The chief of the United Kingdom’s foreign spy service is to warn that China and Russia are racing to master artificial intelligence in a way that could revolutionise geopolitics over the next 10 years.
Richard Moore, who heads the Secret Intelligence Service, known as MI6, is due to make his first public speech since becoming chief of the organisation on Tuesday.
In extracts of the speech released in advance by the British government he will say quantum engineering, engineered biology, vast troves of data and advances in computer power pose a threat that needs to be addressed by democratic powers.
“Our adversaries are pouring money and ambition into mastering artificial intelligence, quantum computing and synthetic biology, because they know that mastering these technologies will give them leverage,” Moore, who rarely makes public speeches, will say when he sets out his view of current threats.
The world’s spies are trying to grapple with seismic advances in technology that are challenging traditional human-led spying operations, which have dominated espionage for thousands of years.
Moore, a former diplomat, became MI6 chief in October 2020.
Speaking at the Institute for International and Strategic Studies think tank, he will stress that technological progress over the next decade could outstrip all the tech advances made over the past century.
“As a society, we have yet to internalise this stark fact and its potential impact on global geopolitics. But it is a white-hot focus for MI6,” he will say.
Of particular concern to the spies in the world’s liberal democracies are Russian and Chinese intelligence agencies, which have rushed to harness the power of a range of sophisticated technologies, sometimes at a faster pace than in the West.
Western intelligence agencies fear Beijing could dominate all key emerging technologies within decades, particularly artificial intelligence, synthetic biology and genetics.
China’s economic and military rise over the past 40 years is considered one of the most significant geopolitical events of recent times, alongside the 1991 fall of the Soviet Union, which ended the Cold War.
MI6, depicted by novelists as the employer of some of the most memorable fictional spies from John le Carré’s George Smiley to Ian Fleming’s James Bond, operates overseas and is tasked with defending the UK and its interests.

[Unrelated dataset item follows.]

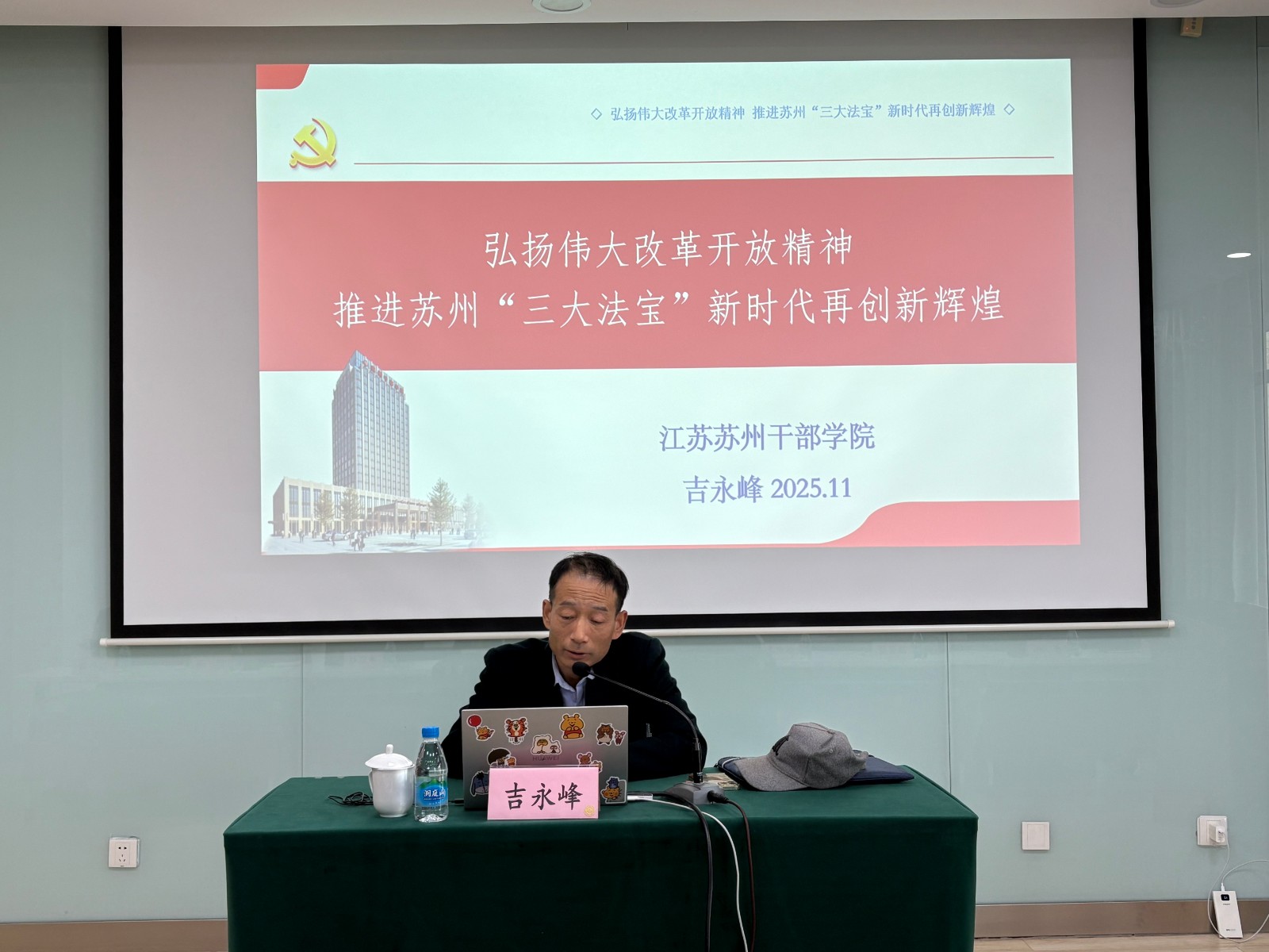 近日,“苏干院·故事荟”走进姑苏区城市基层党建学院。在“2025年盐城市交通运输局基层党组书记培训班”上,江苏苏州干部学院吉永峰老师以“弘扬伟大改革开放精神 推进苏州‘三大法宝’新时代再创新辉煌”为题,为培训班学员们带来了一场专题授课。吉永峰老师从“苏州‘三大法宝’的内涵和演变历程、苏州‘三大法宝’的精神实质以及弘扬伟大改革开放精神 推进中国式现代化苏州新实践的具体着力点”等三个方面展开阐述。

Moore says the service will have to give up some of its deep-rooted secrecy and work with technology firms to combat the rapidly developing threats.
MI6 and western intelligence agencies will have to “become more open to stay secret” in a world of destabilising technological change, he will say.
“We cannot hope to replicate the global tech industry, so we must tap into it.”
The agency has become more open in recent years, even allowing publication of an authorised history although it only covers the period up until 1949.
MI6 began publicly naming its chief, who uses the code name C and is the only publicly identifiable member of the organisation, in the 1990s.